- [TASK] Pictures in the records below are skipped; the rest is copied exactly.

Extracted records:
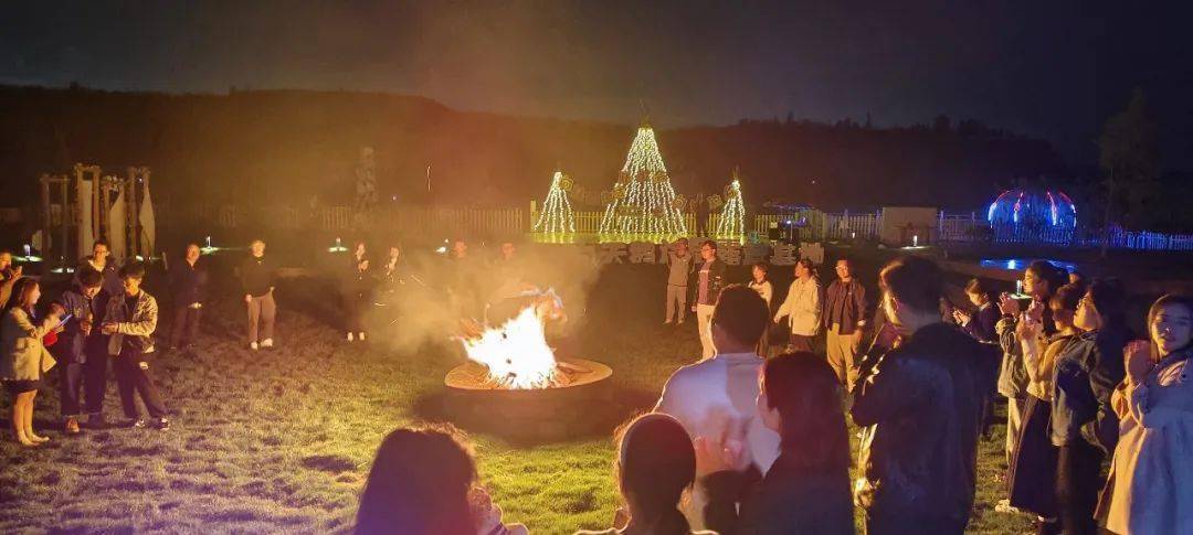 和朋友们在篝火旁载歌载舞
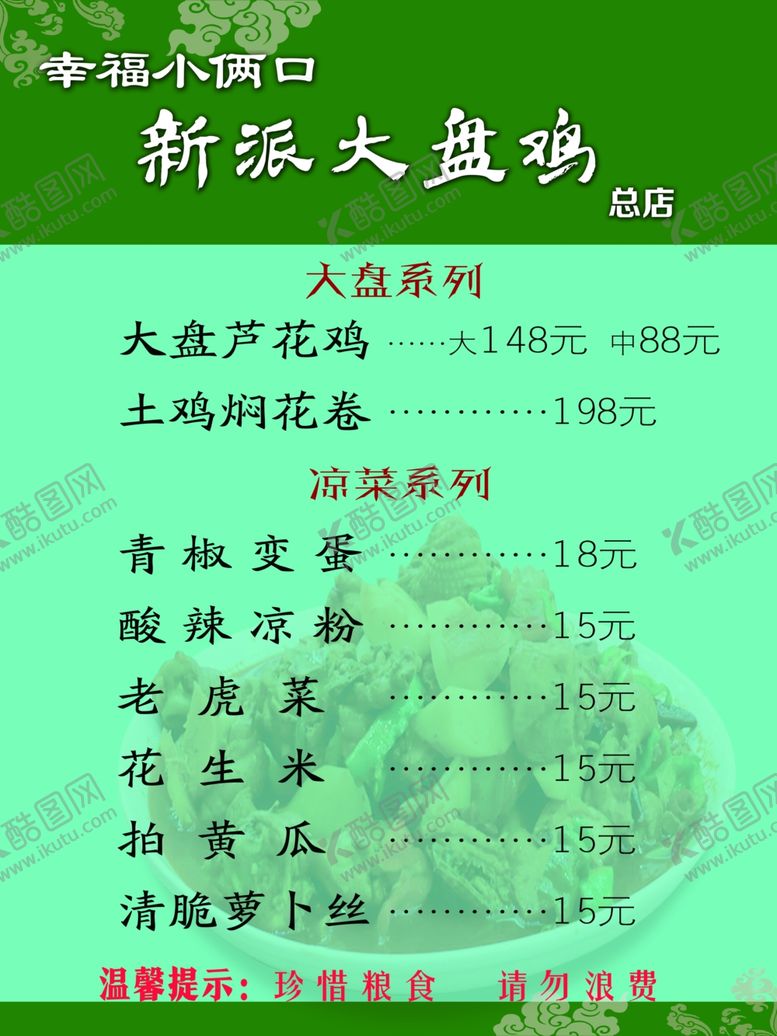 酷图网为你提供精美好看的素材模板下载,本次免抠元素作品主题是大盘鸡餐厅菜单价格表,素材ID编号是60859810191528379761,格式是PSD,建议使用打开编辑,或是"通过网上查询一下对应格式的打开软件";该大盘鸡餐厅菜单价格表素材大小是41.74 MB,素材主要颜色以灰色为主,素材分享方式属于
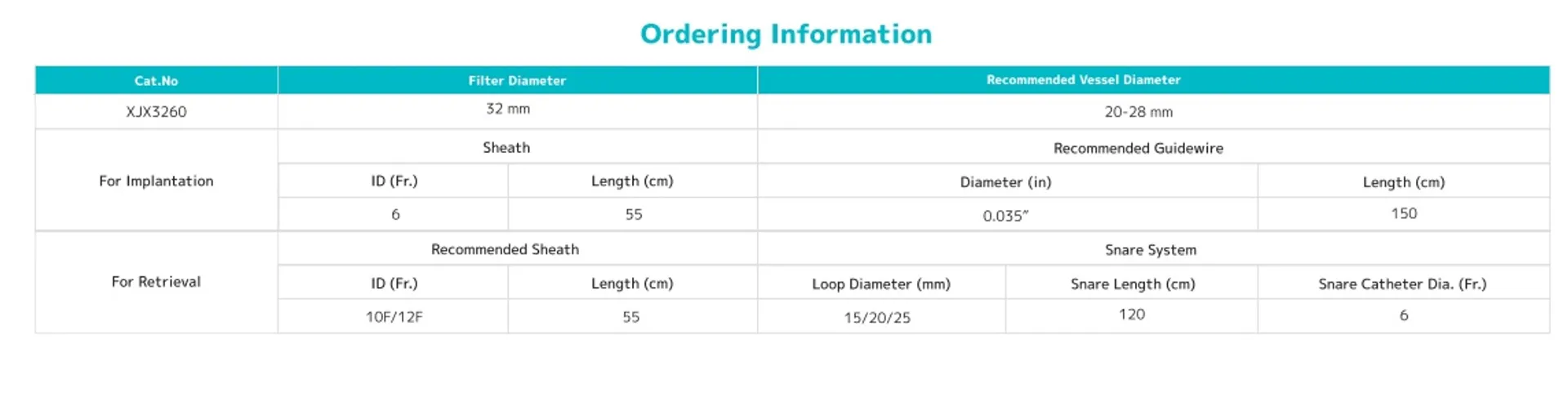 Кава-фильтр Aegisy ™ Vena Cava поставляется с комплектом интродьюсера, который включает систему доставки 6F, дилататор, доставляющий кабель 4,5F и загрузчик 6F.
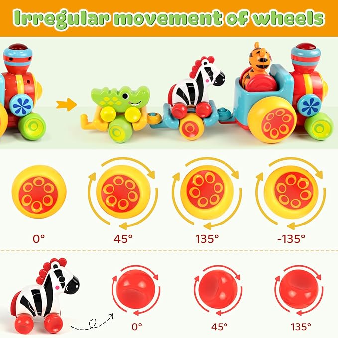 - 【Preschool Learning Toys 】Toddler can push and pull this baby toy for 18-24 months or use string to pull it around to learn cause and effect. Meanwhile, they can play these push-and-go toy cars individually to exercise hand-eye coordination and stimulate curiosity and cognitive development. Children also can recognize the forest animals from these cute eye-catching cartoon cars. This Montessori train toy set is great educational resource for 1 2 3 4 yr old boys and girls.
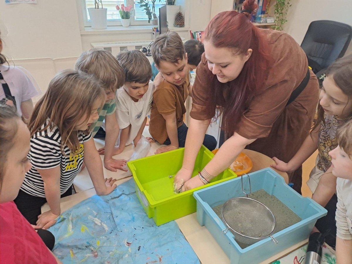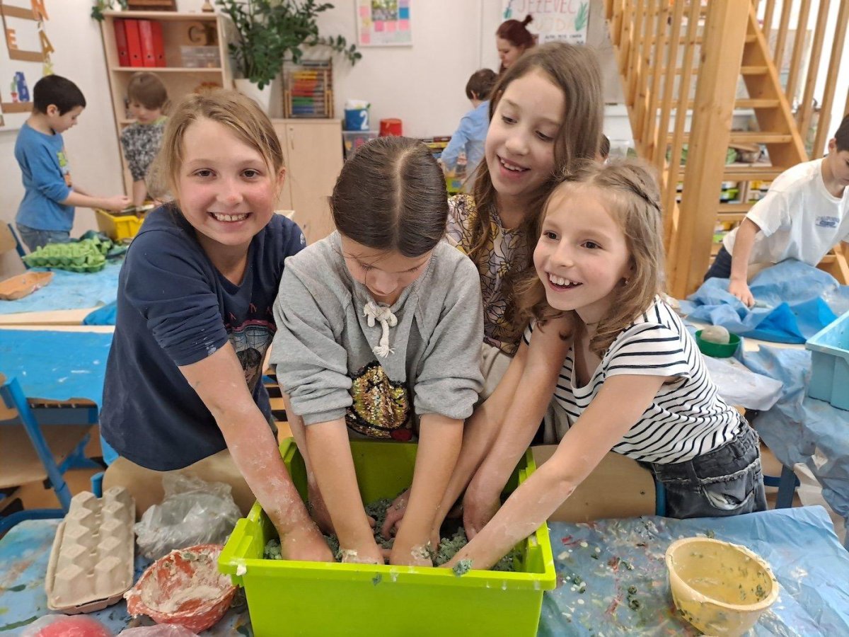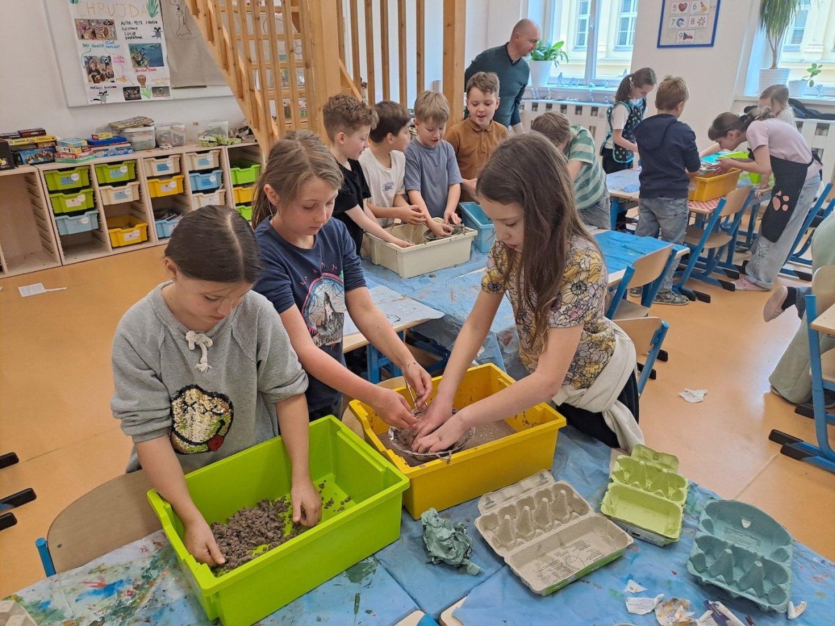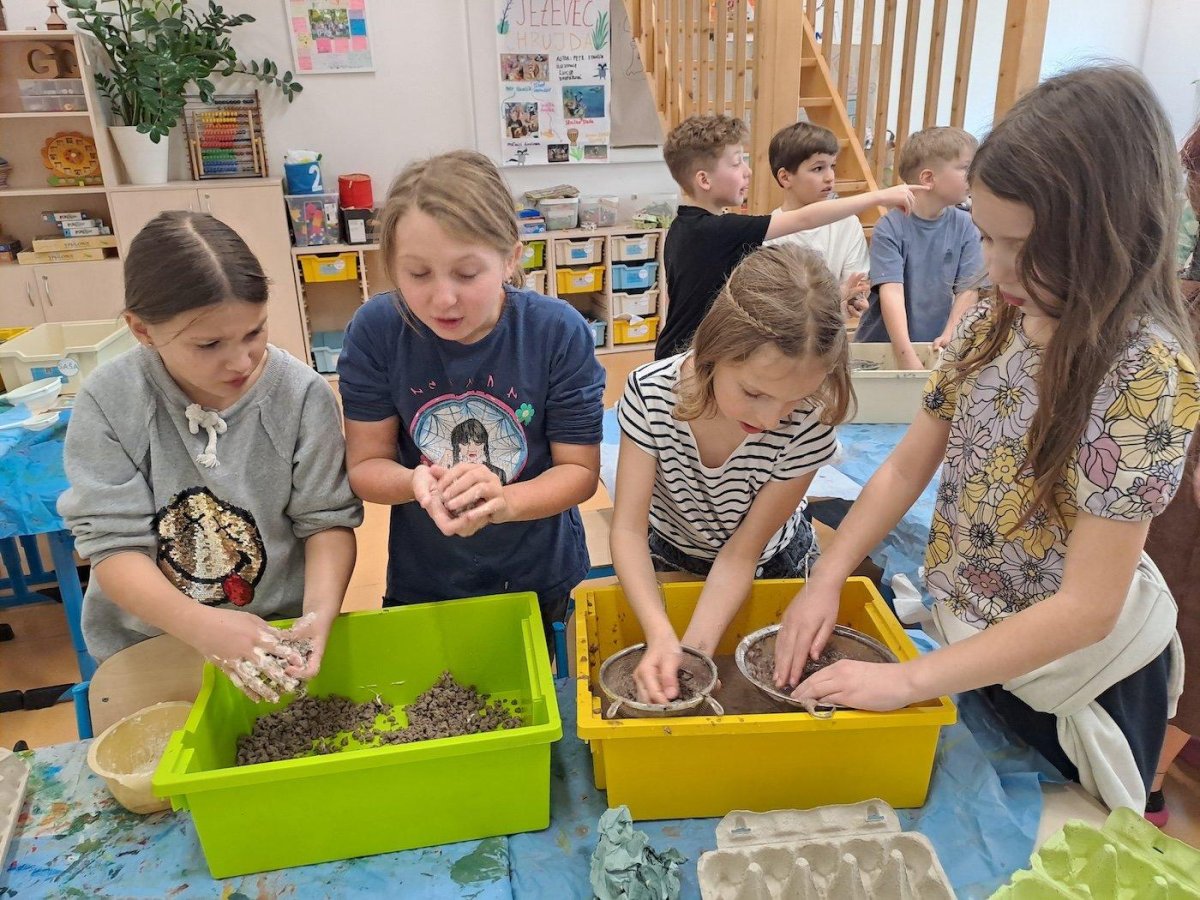 Tohle vyrábění pro nás vymyslela naše paní učitelka Alena Wernerová, kterou máme moc rádi a která má vždycky nějaký zajímavý nápad. Pokud byste chtěli vidět, co všechno se dá vykouzlit z papíru, vody, mouky a trochy fantazie, zastavte se 31. března 2026 na Lyčkově náměstí od 15:00 – 17:00 hod. Budeme tam naše misky prodávat!

- [YOUR SOLUTION]
 和朋友们在篝火旁载歌载舞
 酷图网为你提供精美好看的素材模板下载,本次免抠元素作品主题是大盘鸡餐厅菜单价格表,素材ID编号是60859810191528379761,格式是PSD,建议使用打开编辑,或是"通过网上查询一下对应格式的打开软件";该大盘鸡餐厅菜单价格表素材大小是41.74 MB,素材主要颜色以灰色为主,素材分享方式属于
 Кава-фильтр Aegisy ™ Vena Cava поставляется с комплектом интродьюсера, который включает систему доставки 6F, дилататор, доставляющий кабель 4,5F и загрузчик 6F.
 - 【Preschool Learning Toys 】Toddler can push and pull this baby toy for 18-24 months or use string to pull it around to learn cause and effect. Meanwhile, they can play these push-and-go toy cars individually to exercise hand-eye coordination and stimulate curiosity and cognitive development. Children also can recognize the forest animals from these cute eye-catching cartoon cars. This Montessori train toy set is great educational resource for 1 2 3 4 yr old boys and girls.
 Tohle vyrábění pro nás vymyslela naše paní učitelka Alena Wernerová, kterou máme moc rádi a která má vždycky nějaký zajímavý nápad. Pokud byste chtěli vidět, co všechno se dá vykouzlit z papíru, vody, mouky a trochy fantazie, zastavte se 31. března 2026 na Lyčkově náměstí od 15:00 – 17:00 hod. Budeme tam naše misky prodávat!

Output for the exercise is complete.